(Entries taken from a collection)

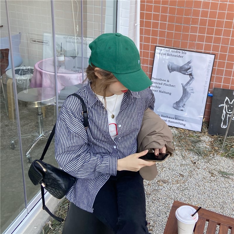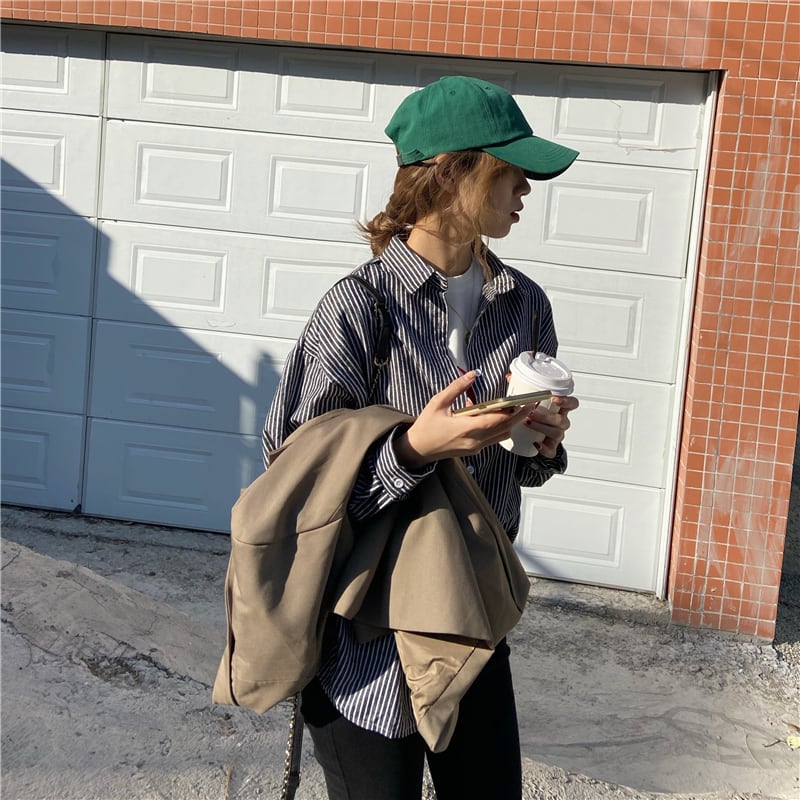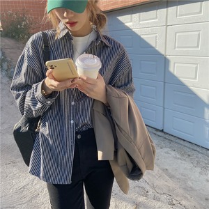 ストライプカジュアルシャツ ジャケット スプリングルーズトップス ロング 春物 kumikum56805997889
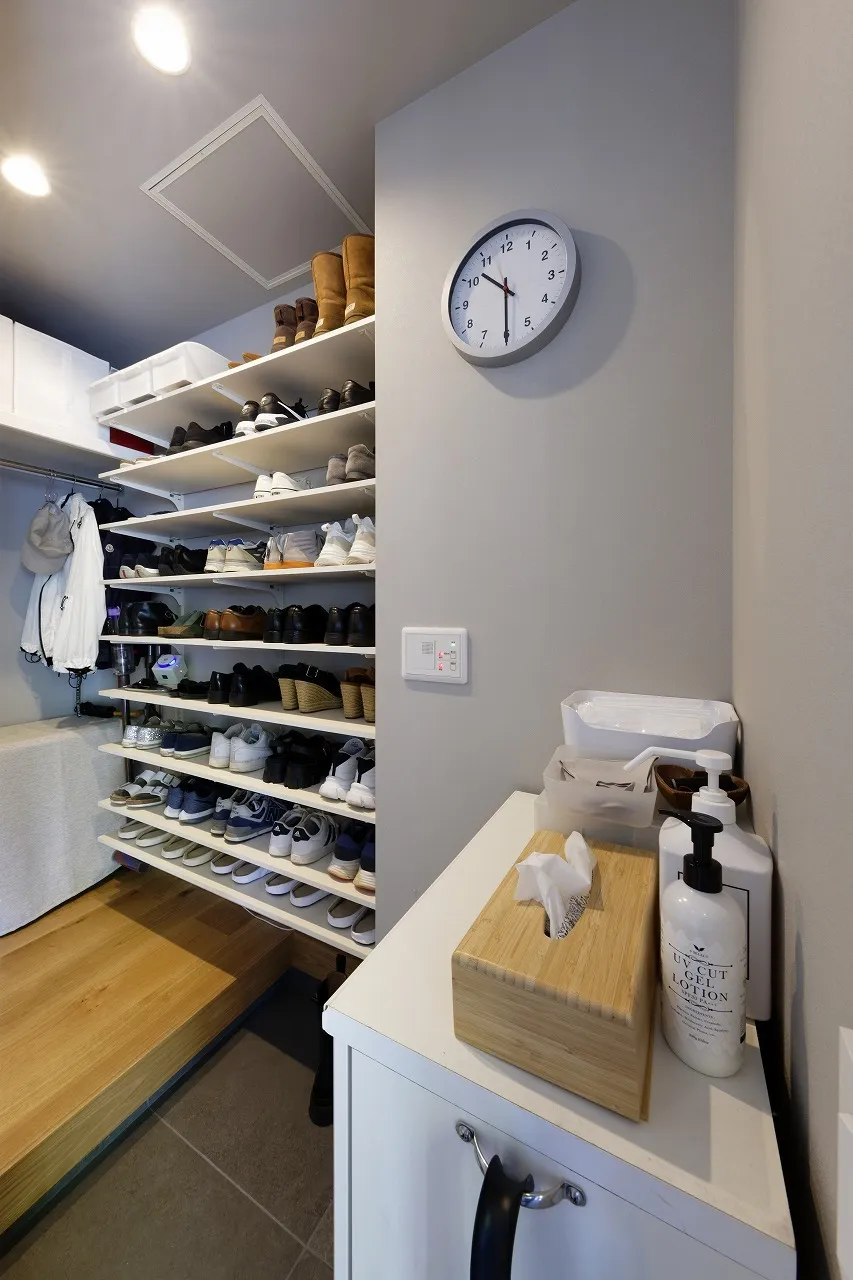 例えば、玄関脇に設けるシューズクロークは、靴以外にもベビーカーやスポーツ用品、アウトドアグッズなどをまとめて収納できるため、家の中への持ち込みを防ぎ清潔感を保てます。また、収納内部に照明を設置することで、夜間や雨の日でも見やすく取り出しやすい環境をつくることができます。
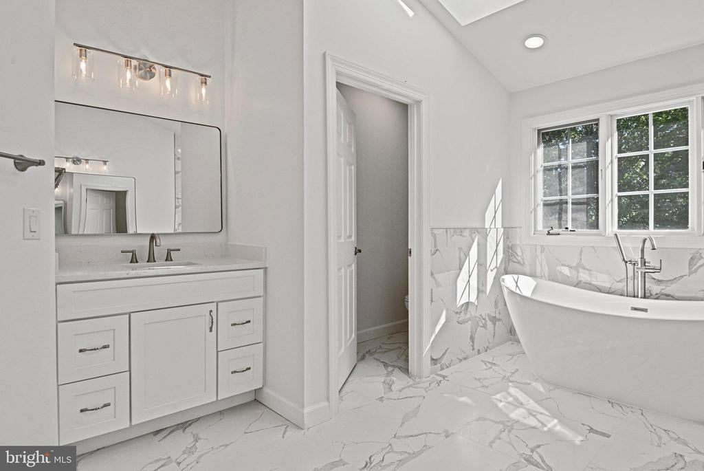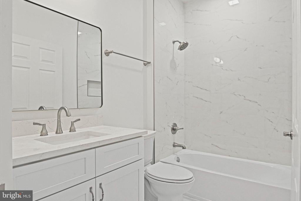 Beautiful, bright, and newly updated, brick Colonial, on three spacious, fully-finished levels, in Vienna's sought after Courthouse Commons! Be sure to check out the Virtual 3D, click-through tour link provided! Located on a premium pipe-stem, cul-de-sac, end-lot, you'll enjoy additional privacy, yard space, HOA lawn care/maintenance, snow removal, and parking for up to five vehicles, provided by the large, two-car garage (with extra-high ceilings), and the wide/expansive driveway, also great for basketball, roller hockey, and other activities! Guest parking is located just nearby if needed. As you enter the home, the open foyer greets you with abundant light from the many large windows, wood flooring throughout the main-level, lofty two-story ceilings, and an inviting, open living/seating room with bay window. The open concept, gourmet kitchen is centered by a spacious island/breakfast bar, and includes gleaming counters, plenty of generous cabinets, drawers, and a pantry for all your storage needs. Stainless-steel appliances include refrigerator, double wall ovens, built-in microwave, induction stovetop, and dishwasher. Enjoy coffee and relaxing meals while looking out the bay window of the informal dining/table space off the kitchen, or for formal occasions, the separate dining room, which can be easily doored to become a main level bedroom or office/study. Entertain guests or curl up with your favorite book and beverage in the lovely family room. Open to the kitchen, it features two-story ceilings, extra large windows, a gas fireplace with glass screen, marble hearth and mantle, and windowed door, providing access to a grilling deck and the rear yard. The upper-level features a large primary suite, complete with new wood flooring, ample space for an in-room lounge or office, and two separate, custom, walk-in closets. You'll find it easy to pamper yourself in the all new, luxury, primary en-suite bathroom, featuring all new premium fixtures, a free-standing soaking tub, large walk-in shower, and two separate vanities. In addition, the upper level includes three full-size bedrooms, each with generous closets, new full-size bathroom, new flooring throughout, and separate laundry room, complete with linen closet and shelving for storage! The enormous, fully-finished basement includes a den/theater room/guest space, all new full bathroom, and provides tons of open, versatile space to live, work, and play! Live nearby the many parks, playgrounds, entertainment, and all Vienna has to offer, including historic Church Street, with its excellent, local shops, cafes, and restaurants. Enjoy proximity to great events for all, like farmer's markets, Viva Vienna, and Chillin' On Church! Fashion, retail, and grocers abound such as Tysons Galleria, Tysons Corner, Starbucks, Whole Foods, Fresh Market, and Trader Joe's! Get anywhere quickly with easy access to Vienna Metro (Orange & Silver Lines), Washington D.C., Dulles & Reagan Airports, Union Station, the W&OD Trail, all major highways, express lanes, and plenty of other options. Brand new roof, with architectural shingles, includes a lifetime warranty and 5 year workmanship warranty, transfers to the new owner! New bathrooms include all new vanities, tile, toilets, and hardware. Electrical updates include all new Decora switches and outlets! New HVAC heat pump/compressor installed about 2 years ago. New water heater installed about 5 years ago. New appliances include induction cooktop, dishwasher, and others replaced about 5 years ago. Welcome to this wonderful community and home!
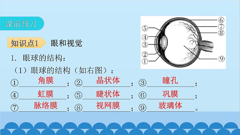 初中生物人教版 (新课标)七年级下册第四单元 生物圈中的人第六章 人体生命活动的调节第一节 人体对外界环境的感知教学课件ppt: 这是一份初中生物人教版 (新课标)七年级下册第四单元 生物圈中的人第六章 人体生命活动的调节第一节 人体对外界环境的感知教学课件ppt,共45页。PPT课件主要包含了课前预习,易错点拨,素养提升,学习目标,课堂演练,晶状体,睫状体,脉络膜,视网膜,玻璃体等内容,欢迎下载使用。
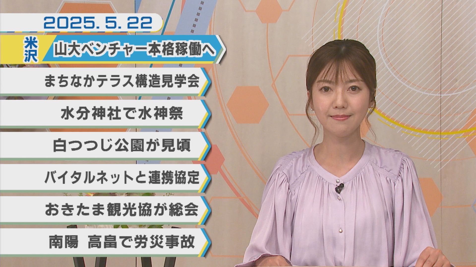 5月22日のNEWSラインナップ①「山大ベンチャー本格稼働へ」②「まちなかテラス香合見学会」③「水分神社で水神祭」ほか【特集】「命を見つめて演じる人情噺 古川孝さん」
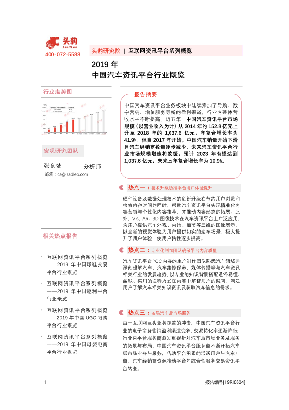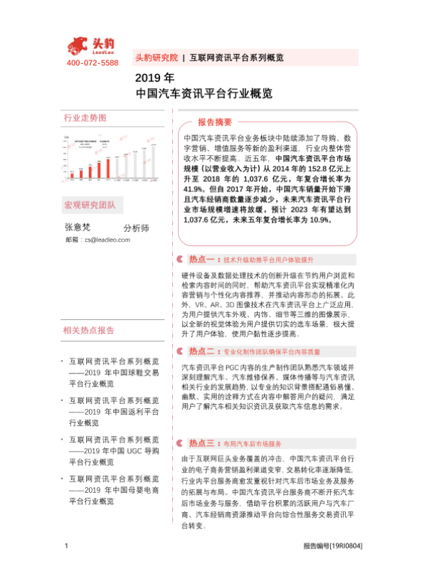 【头豹研究院】【2019】2019年中国汽车资讯平台行业概览-33页
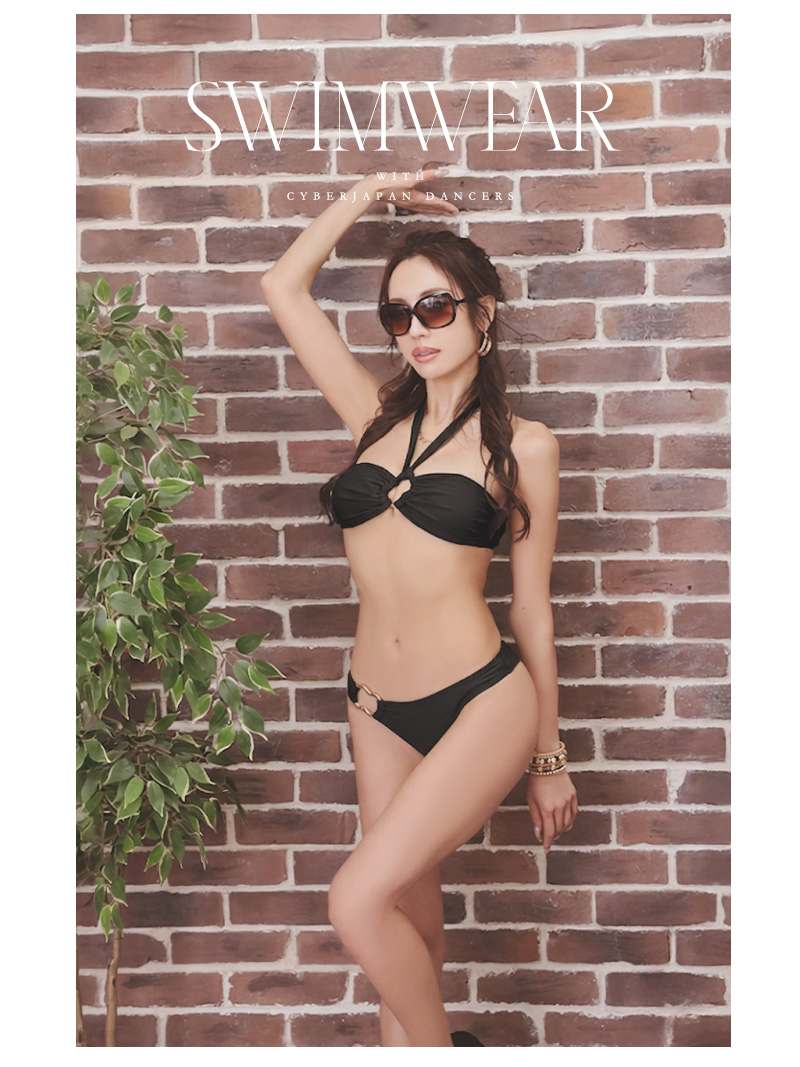 水着 ゴールドバックルが煌めくハイレグデザインで脚長効果も抜群なバンドゥホルタービキニ 【Ryuyu】
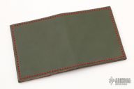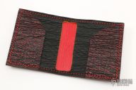 This Bi-fold Wallet by Garza Leather Goods is 100% handmade. The outside is green Italian leather, black/red shark skin pockets, red kangaroo liner inside. Comes with original box. New from maker at the 2022 USN Gathering.
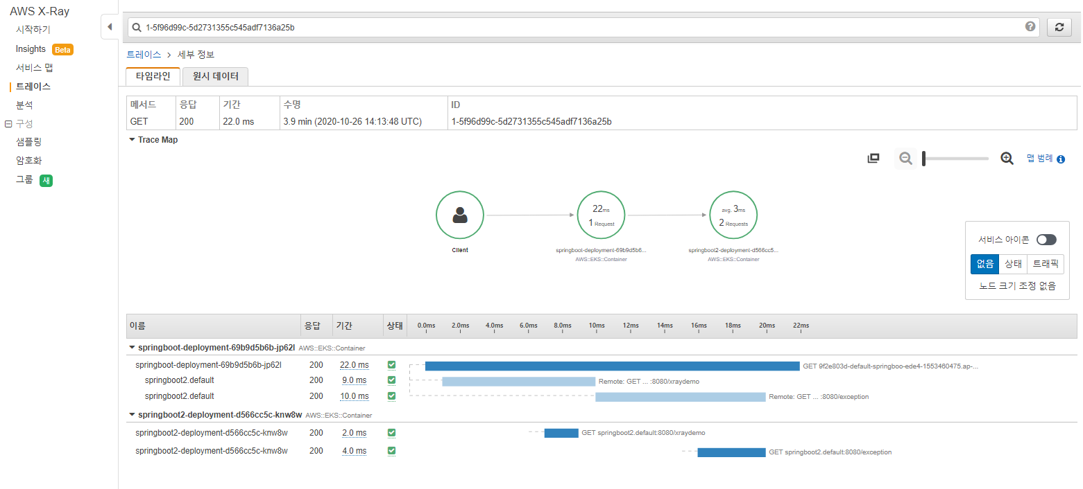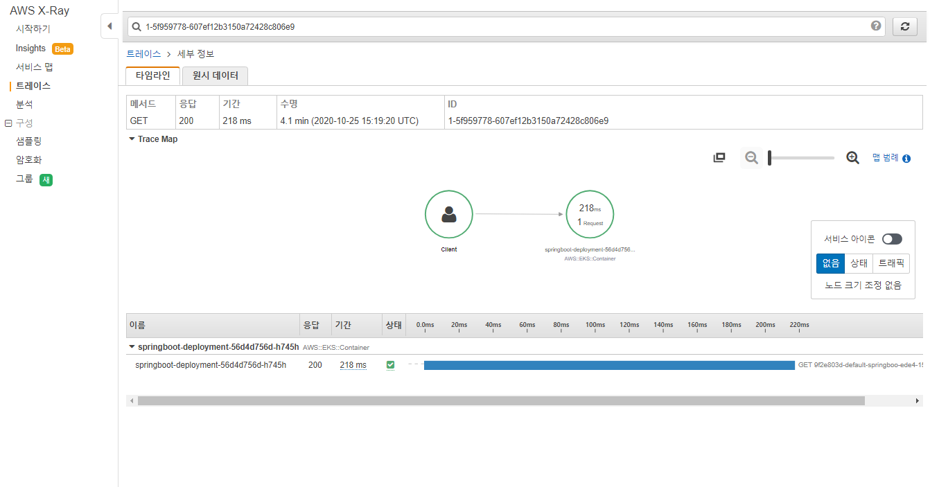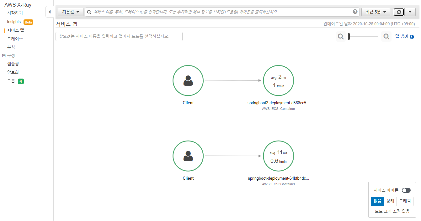 alb ingress가 사용하는 healthcheck url을 사전에 정의할 수 있다. 해당 url은 주기적으로 호출되는 URL이며, 이는 X-Ray에서 수집하지 않도록 앞서 sampling-rules.json에 정의하였다.

• [WHAT YOU HAVE TO DO]
Please return, exactly as written, the lines from the first line of the records above through the line containing "例えば、玄関脇に設けるシュー", both included, leaving out any pictures.

• [ANSWER SPACE]
 ストライプカジュアルシャツ ジャケット スプリングルーズトップス ロング 春物 kumikum56805997889
 例えば、玄関脇に設けるシューズクロークは、靴以外にもベビーカーやスポーツ用品、アウトドアグッズなどをまとめて収納できるため、家の中への持ち込みを防ぎ清潔感を保てます。また、収納内部に照明を設置することで、夜間や雨の日でも見やすく取り出しやすい環境をつくることができます。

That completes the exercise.